Re: SPARQL limit doesn't work
Hi, yes, same select as only query gets exactly limit amount of triples. On 18/10/2022 16.48, Lorenz Buehmann wrote: did you get those results when running only this subquery? Afaik, the default limit of the Lucene text query is at most 10 000 documents - and I don't think that the outer LIMIT would make it to the Lucene request On 18.10.22 13:35, Mikael Pesonen wrote: I have a bigger query that starts with inner select { SELECT ?s ?score WHERE { (?s ?score) text:query (skos:prefLabel skos:altLabel "\"xx yy\"" "lang:en" ) . } order by desc(?score) offset 0 limit 1000 } There are about 1 results. limit 1000 returns ~560 and limit 100 ~75 results. How do I page results correctly? -- Lingsoft - 30 years of Leading Language Management www.lingsoft.fi Speech Applications - Language Management - Translation - Reader's and Writer's Tools - Text Tools - E-books and M-books Mikael Pesonen System Engineer e-mail: mikael.peso...@lingsoft.fi Tel. +358 2 279 3300 Time zone: GMT+2 Helsinki Office Eteläranta 10 FI-00130 Helsinki FINLAND Turku Office Kauppiaskatu 5 A FI-20100 Turku FINLAND
Re: SPARQL limit doesn't work
did you get those results when running only this subquery?
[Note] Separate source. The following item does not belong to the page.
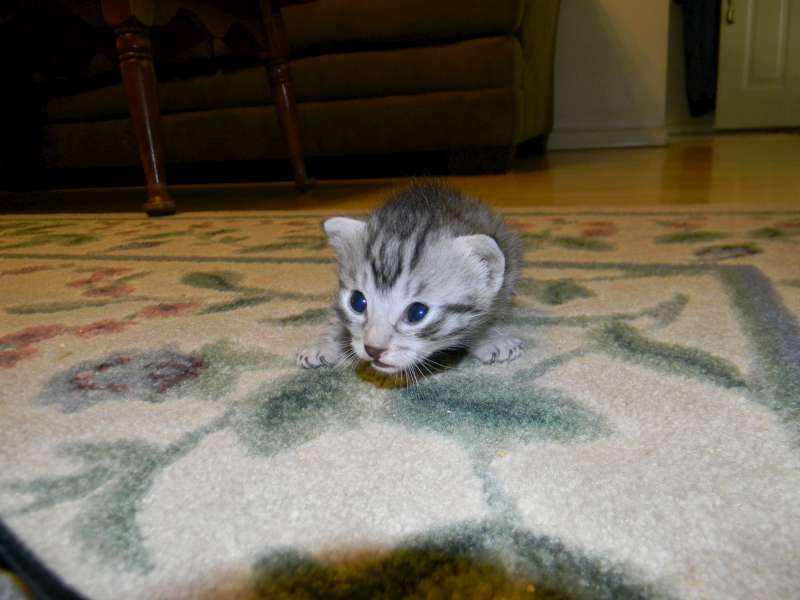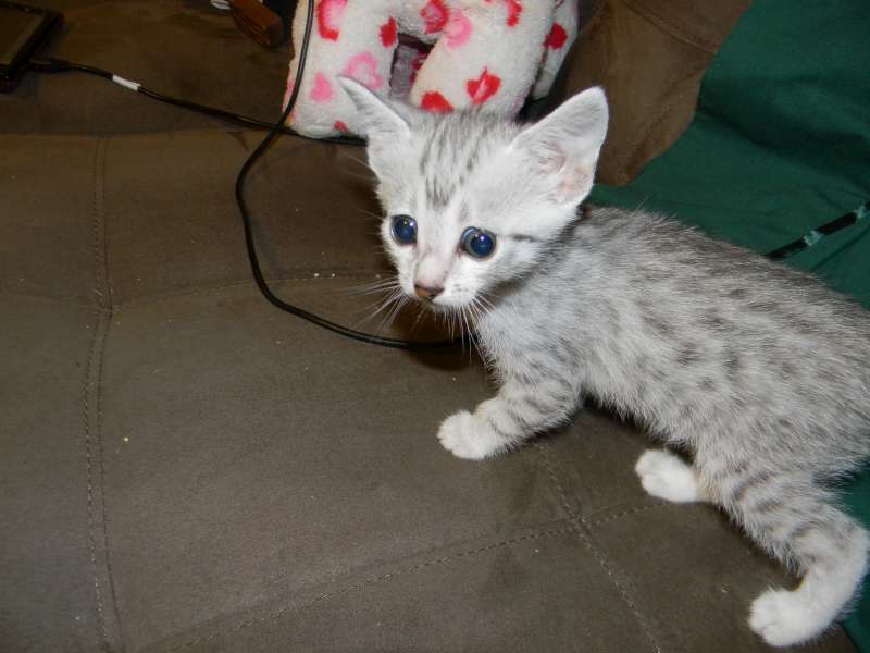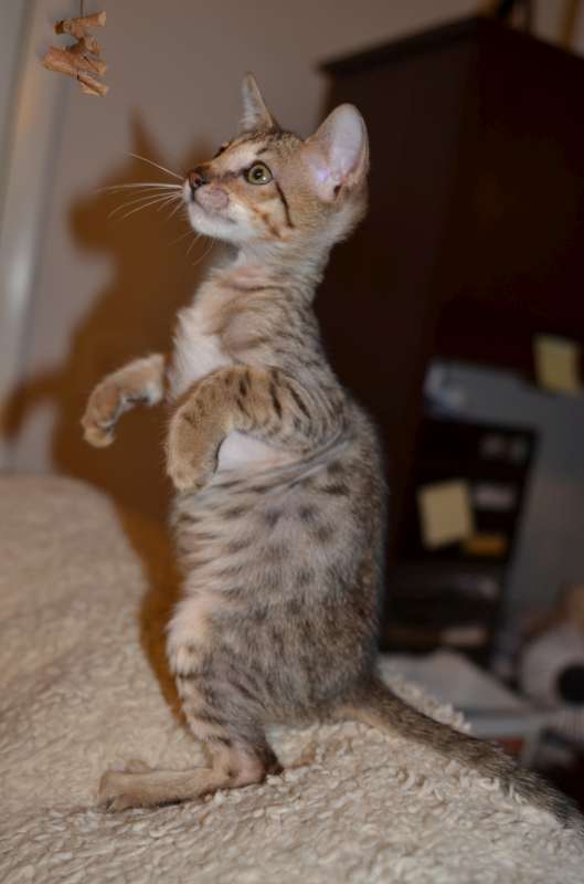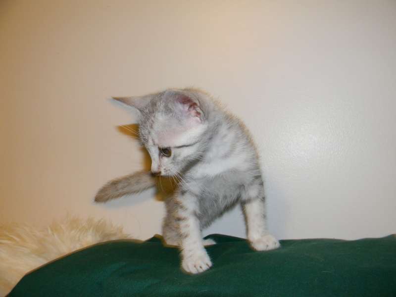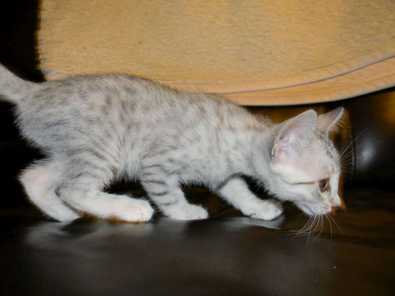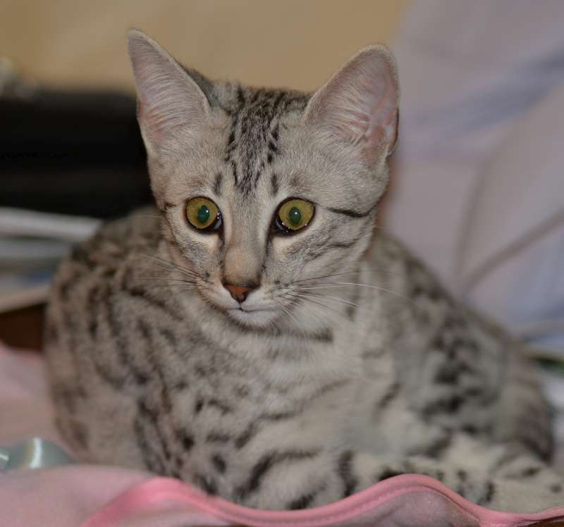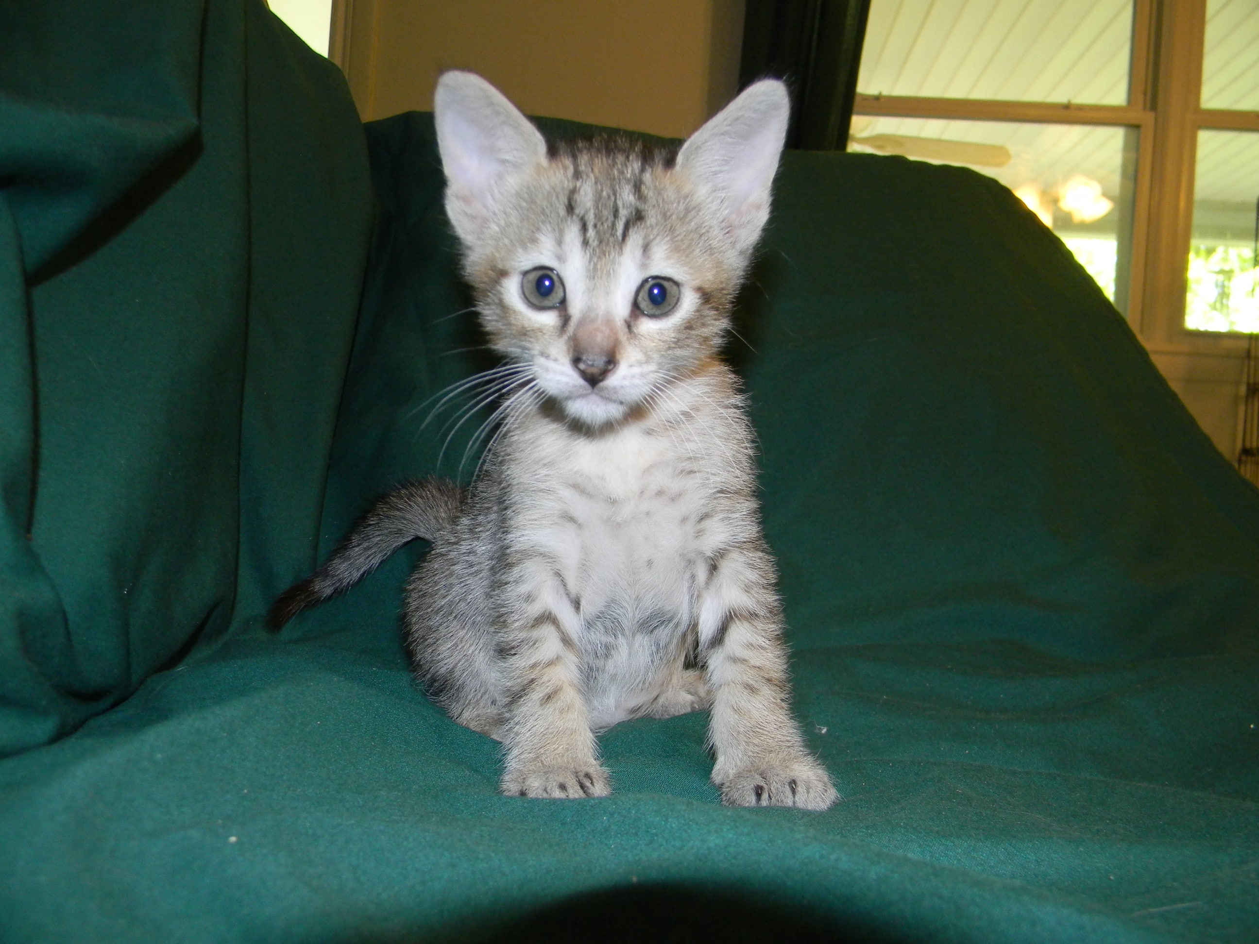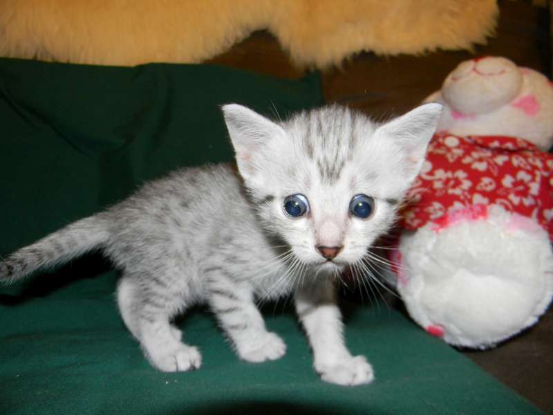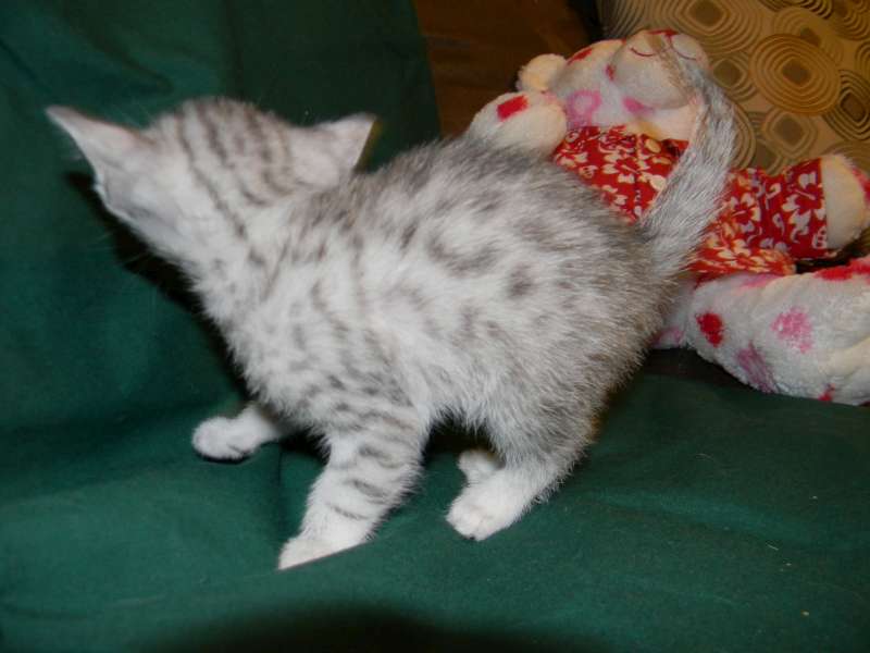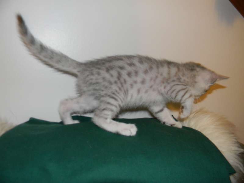 Showing great spots already this Bronze Mau boy is an exceptional nice kitten.

Afaik, the default limit of the Lucene text query is at most 10 000 documents - and I don't think that the outer LIMIT would make it to the Lucene request On 18.10.22 13:35, Mikael Pesonen wrote: I have a bigger query that starts with inner select { SELECT ?s ?score WHERE { (?s ?score) text:query (skos:prefLabel skos:altLabel "\"xx yy\"" "lang:en" ) . } order by desc(?score) offset 0 limit 1000 } There are about 1 results. limit 1000 returns ~560 and limit 100 ~75 results. How do I page results correctly?
SPARQL limit doesn't work
I have a bigger query that starts with inner select { SELECT ?s ?score WHERE { (?s ?score) text:query (skos:prefLabel skos:altLabel "\"xx yy\"" "lang:en" ) . } order by desc(?score) offset 0 limit 1000 } There are about 1 results. limit 1000 returns ~560 and limit 100 ~75 results. How do I page results correctly?